Markets in Risk-off Regime Following Hawkish Fed
27 January 2022
Yesterday brought the main event of this week, and volatility was again highly elevated.
The Fed left monetary policy unchanged yesterday, as widely expected, but the following statement was of more importance and sounded hawkish.
In the statement, the Committee announced the final two reductions in the amount of their monthly asset purchases, bringing purchases to an end in “early March.” At the same time, the FOMC now expects that it will “soon be appropriate” to raise the fed funds rate - almost certainly happening at the next Fed meeting in March.

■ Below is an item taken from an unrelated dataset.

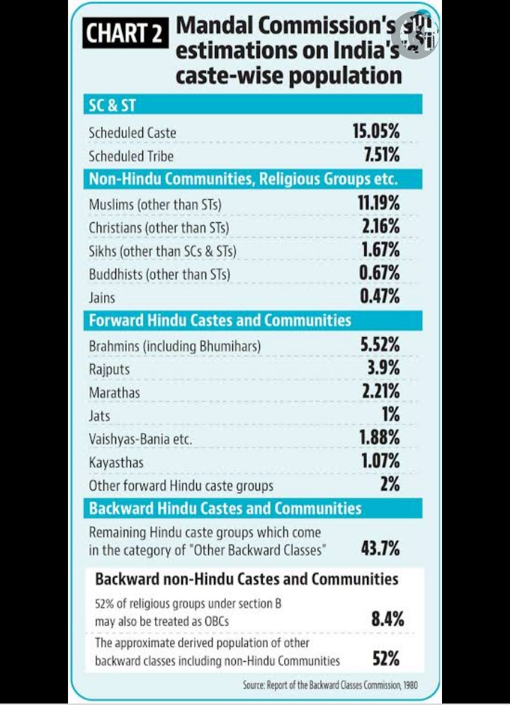পিছিয়ে পড়া শ্রেণীর সামাজিক, শিক্ষাগত পরিস্থিতি খতিয়ে দেখার জন্য দেশের দ্বিতীয় কমিশন মন্ডল কমিশন। তারা রিপোর্ট দেয় ১৯৮০তে। দশ বছর পর তা কার্যকরী করেন তদানীন্তন প্রধানমন্ত্রী বিশ্বনাথ প্রতাপ সিং। মন্ডল কমিশন সমগ্র জনগণকে ১০০ শতাংশ ধরে নেন। ওই সময় শেষ জনগণনা ছিল ১৯৭১ সালের । সেখান থেকে প্রাপ্ত জনসংখ্যার এস সি , এস টি ও অহিন্দু শতাংশকে বিয়োগ করে পান এস সি,এস টি অংশ ব্যতীত হিন্দু শতাংশকে। শেষ জাতিভিত্তিক ১৯৩১ এর জনগণনা থেকে মন্ডল পেয়েছিলেন সমাজের তথাকথিত উচ্চবর্ণীয় জনগণের শতাংশ। হিন্দু শতাংশ থেকে উচ্চবর্ণীয় জনগণের শতাংশ বিযুক্ত করে তিনি নির্ণয় করেছিলেন হিন্দু পশ্চাদপদ জনগণের শতাংশ। ধর্মীয় সংখ্যালঘুদের মধ্যের পশ্চাৎপদতাকে অন্তর্ভুক্ত করার জন্য তিনি অহিন্দু জনসংখ্যার শতাংশের অর্ধেক পশ্চাৎপদ ধরে নিয়ে তাকে যুক্ত করে দেন। এইভাবে হিন্দু, অহিন্দু মিলিয়ে মন্ডল কমিশন ওবিসি জনসংখ্যা নির্ণয় করেন মোট জনসংখ্যার ৫২ শতাংশ। গাণিতিক এই পদ্ধতি গ্রহণ করার সময় সাহায্য নেওয়া হয়েছে ১৯৩১ এর জাতিভিত্তিক জনগণনার। আজ থেকে নয় দশক আগেকার। সাহায্য নেওয়া হয়েছে ১৯৭১ এর জনগণনার তথ্যের। আজ থেকে পাঁচ দশক পূর্বের। সেই তথ্য আজকে সময়োপযোগী নয়। ওবিসি নির্ণয়ের মন্ডল গৃহীত প্রক্রিয়া যে নিখুঁত বা বিজ্ঞানসম্মত নয় সেটা বুঝতে কোন অংকের ছাত্র হতে লাগে না। কিন্তু সেইসময় তার কাছে অন্য কোনো তথ্য না থাকাতে এর বিকল্প কিছু ছিল না।১৯৩১ এর যে জাতিভিত্তিক জনগণনাকে মন্ডল কমিশনে ভিত্তি করা হয়েছে সেই জনগণনায় তখনকার ব্রিটিশ শাসিত রাজ্যগুলি কেবলমাত্র অন্তর্ভুক্ত ছিল। প্রিন্সলি স্টেটগুলি অন্তর্ভুক্ত হয়নি। ফলে গোড়ায় একটা গলদ ছিলই। মন্ডল কমিশনের সুপারিশ কার্যকরী হওয়ার তিনদশক অতিক্রান্ত। এরমধ্যে দি ইউনাইটেড ডিস্ট্রিক্ট ইনফর্মেশন সিস্টেম ফর এডুকেশন প্লাস (ইউডাইস+) দেশব্যাপী প্রায় এক দশক ধরে প্রাথমিকের স্কুল ছাত্রছাত্রীদের জাতিভিত্তিক তথ্য সংরক্ষন করে যা পেয়েছে তাতে অন্যান্য পিছিয়ে পড়া জাতিভুক্ত মানুষ ৪৫ শতাংশ, তপশিলি জাতি ১৯ শতাংশ, আদিবাসী ১১ শতাংশ -এইরকম ইঙ্গিত পাওয়া যাচ্ছে। ২০০৬ এ ন্যাশনাল স্যাম্পলিং সার্ভে অরগানাইজেশন (এন এস এস ও) ওবিসি সংখ্যা নির্ণয় করে দেখায় যে তা সমগ্র জনগণের ৪০.৯৪ শতাংশ। তফসিলি১৯.৫৯, আদিবাসী ৮.৬৩ শতাংশ। সংখ্যাগত এই বিভ্রান্তি কাটানোর জন্যই প্রয়োজন জাতিভিত্তিক জনগণনার। মুসলিমদের মধ্যেও অন্যান্য পিছিয়ে পড়া জাতিভুক্ত মানুষ রয়েছে। তাদের পরিস্থিতির মূল্যায়ন হয়েছিল শেষ সাচার কমিশনের রিপোর্টে । তাও দেড় দশক আগে। তাদের মধ্যেও এই সময়ে কে এগোলো, কে পিছিয়ে পড়লো জানার জন্য প্রয়োজন জাতি ভিত্তিক জনগণনার।

Additionally, governors updated the statement to note that inflation is “well above” the FOMC’s two percent target (previously described as “having exceeded 2 percent for some time”) and that the labor market is “strong,” dropping the judgment that the economy is short of full employment.
All risk assets declined notably after the FOMC decision - the Nasdaq 100 index erased its 4% daily gain, while other indices also fell sharply. Additionally, bonds cratered, sending their yields firmly higher - the 10-year yield jumped toward 1.9%, while the 2-year yield shot nearly 20% higher from 1.00% to 1.20%. Since the short-term yield rose much more than the 10-year yield, the yield curve flattened strongly, implying an economic slowdown in the future.
Both gold and silver cratered as yields surged higher. Silver fell from 24 USD to 23 USD today, while gold declined toward 1,810 USD.
In the FX, the greenback surged, pushing the EURUSD pair down to 1.12, testing last year's lows. If the euro falls below that level, large stop-losses could be hit, possibly pushing EURUSD toward the psychological level of 1.10.